Ideia é buscar penas alternativas para os presos que praticaram crimes de menor gravidade. Ação que se iniciará em Manaus deverá se estender de forma permanente para todo o país
por publicado: 10/01/2017 18h52 última modificação: 10/01/2017 19h00

Brasília, 10/01/17 - Numa integração entre o Ministério da Justiça e Cidadania e a Defensoria Pública, será criada uma força-tarefa para analisar a situação dos presos provisórios no estado do Amazonas, como forma de procurar reduzir a população carcerária naquele estado. A ideia, discutida em reunião nesta terça-feira (10) entre o ministro da Justiça e Cidania, Alexandre de Moraes, e representantes da Defensoria, é realizar emergencialmente essa ação no Amazonas, diante da situação após a chacina que ocorreu no Complexo Prisional Anísio Jobim (Compaj), em Manaus, no dia 1 de janeiro. Na sequência, a experiência deverá ser reproduzida de forma permanente em todo o país. A criação de uma força-tarefa com a Defensoria para buscar soluções para os presos provisórios é uma das propostas contidas no Plano Nacional de Segurança.
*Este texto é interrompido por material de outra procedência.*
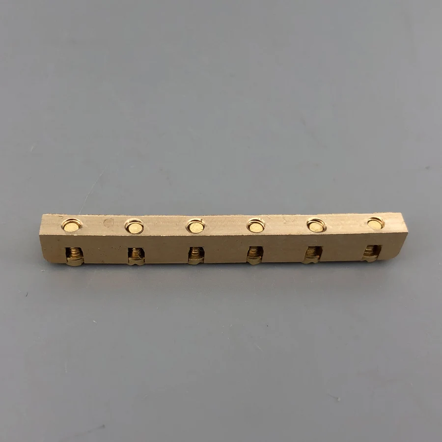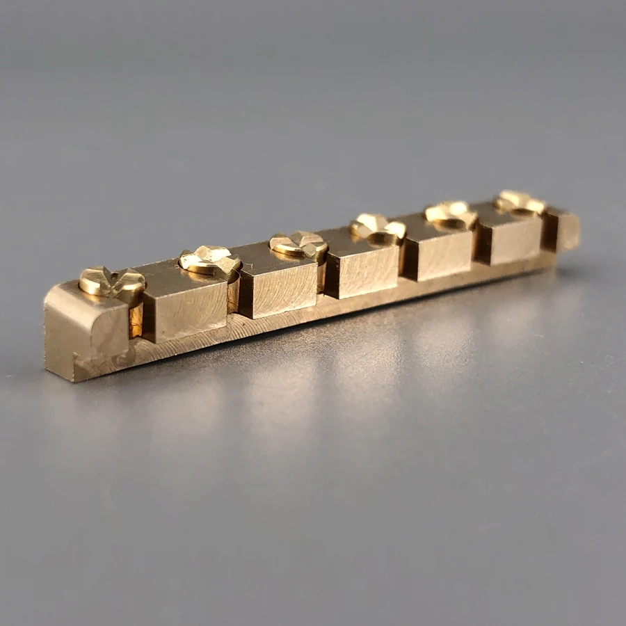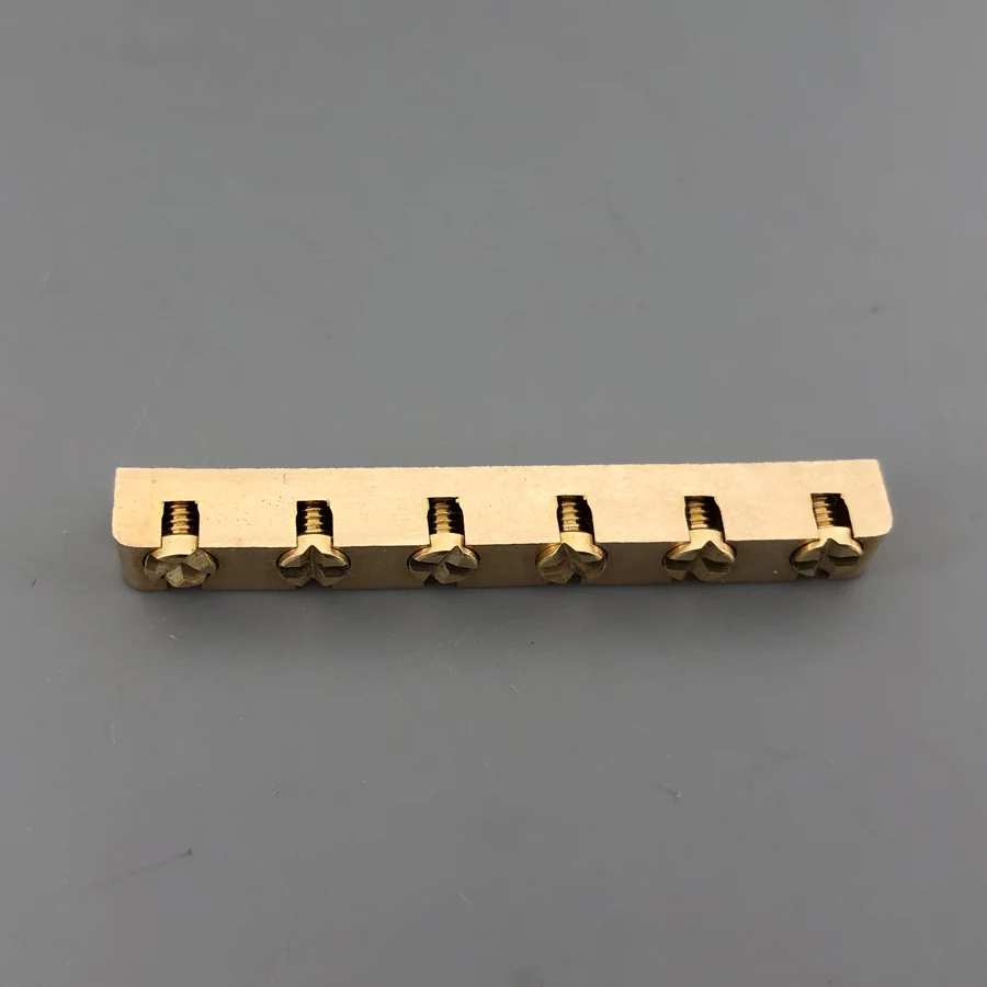 Imagine upgrading your electric guitar with this sleek, high-quality brass guitar nut, designed for precise tuning and enhanced durability. Its shiny, gold-like finish adds a touch of elegance to your instrument, reflecting craftsmanship and attention to detail. The compact, rectangular shape ensures seamless integration into your ST-style guitar, while the six evenly spaced adjustable saddles allow for customized string height and spacing. Whether you’re recording, performing, or practicing, this nut provides reliable performance and smooth string action. Its polished, corrosion-resistant brass construction guarantees longevity, helping you maintain optimal sound quality for years to come. Experience the difference that a meticulously crafted component like this can make in your guitar setup.

A estimativa é que, no Amazonas, mais da metade dos presos que estão nos presídios sejam provisórios. A força-tarefa irá identificar, entre esses presos, quais são aqueles que cometeram crimes de menor gravidade (com exceção de crimes que envolvam porte ilegal de arma e corrupção) para que se proponham penas alternativas, diminuindo, assim, a população carcerária. Conforme explicou o presidente do Conselho Nacional de Defensores Gerais, Ricardo Batista Souza, além dos defensores e do Ministério da Justiça e Cidadania, participarão também desse esforço o governo do Amazonas, o Ministério Público e o Poder Judiciário.
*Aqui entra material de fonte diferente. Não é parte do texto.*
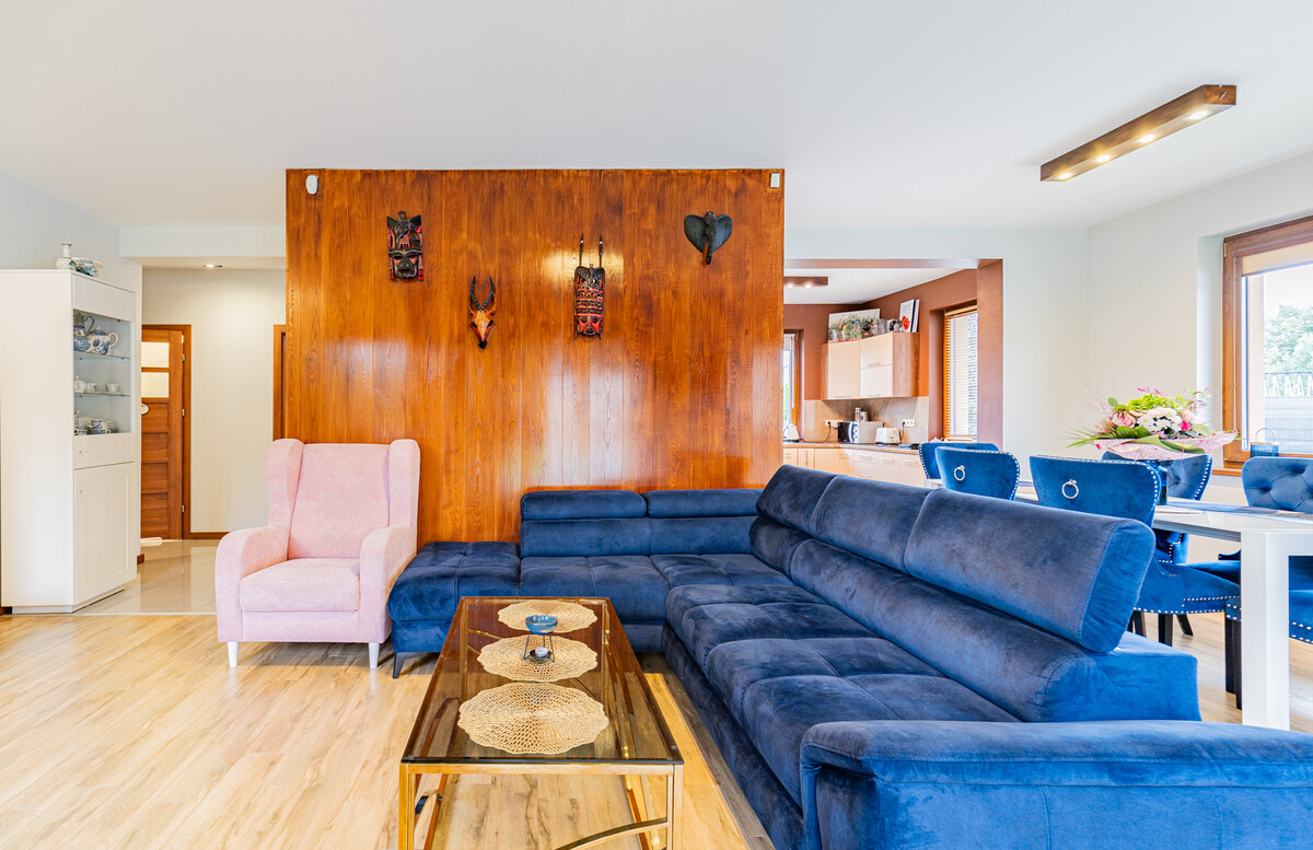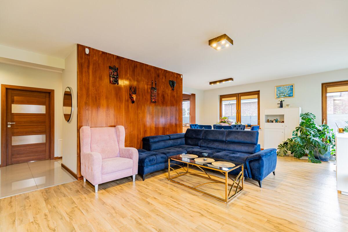 - Przestronny, jasny salon z wyjściem na taras i widokiem na ogród,

Nesta quarta-feira (11), haverá em Manaus uma reunião com as autoridades locais para um primeiro diagnóstico da situação desses presos provisórios. Dessa reunião, participará também a equipe do Departamento Penitenciário Nacional (Depen) enviada pelo Ministério da Justiça e Cidadania, a pedido do governo do Amazonas, para auxiliar na solução da questão penitenciária.
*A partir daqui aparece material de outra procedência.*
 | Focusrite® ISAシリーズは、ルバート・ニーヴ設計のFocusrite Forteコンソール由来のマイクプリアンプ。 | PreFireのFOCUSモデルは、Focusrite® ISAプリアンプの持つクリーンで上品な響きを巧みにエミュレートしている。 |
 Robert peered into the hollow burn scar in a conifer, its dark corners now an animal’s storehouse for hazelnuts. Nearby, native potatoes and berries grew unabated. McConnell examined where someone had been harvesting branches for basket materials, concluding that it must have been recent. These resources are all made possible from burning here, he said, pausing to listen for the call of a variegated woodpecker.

“A Defensoria Pública colocou-se à disposição do Ministério da Justiça e Cidadania para fazer essa força-tarefa”, explicou Ricardo Batista Souza. “Um conjunto de defensores de todo o país atuará na avaliação de quais presos estão ali desnecessariamente, que poderiam cumprir algum tipo de pena alternativa”.

Força-tarefa para analisar casos de presos provisórios no Amazonas

“O que se pretende é devolver a liberdade para quem tem o direito à liberdade”, reforçou o defensor público do Amazonas, Rafael Barbosa. Ele explicou que a ideia da força-tarefa surgiu da visita que o ministro Alexandre de Moraes fez a Manaus no início da semana passada para ver de perto a situação após os acontecimentos no Compaj. Diante da ideia, contida no Plano Nacional de Segurança, construiu-se a criação da força-tarefa emergencial no Amazonas.

Após isso, os defensores públicos discutiram com o ministro Alexandre de Moraes a ideia de que, em seguida, tal ideia consolide a formação de um grupo permanente para analisar situação em todo o país. Estima-se que 42% dos presos no país sejam provisórios, quando a média mundial é de 22% e nos países desenvolvidos fica em torno de 8%. “A solução para a questão penitenciária não é somente construir presídios”, avalia Alexandre de Moraes.

Para a construção das penas alternativas para os crimes de menor gravidade, o ministro da Justiça e Cidadania propõe a criação de um conjunto de alternativas, como o uso de tornozeleiras eletrônicas, prestação de serviços à comunidade e cursos profissionalizantes.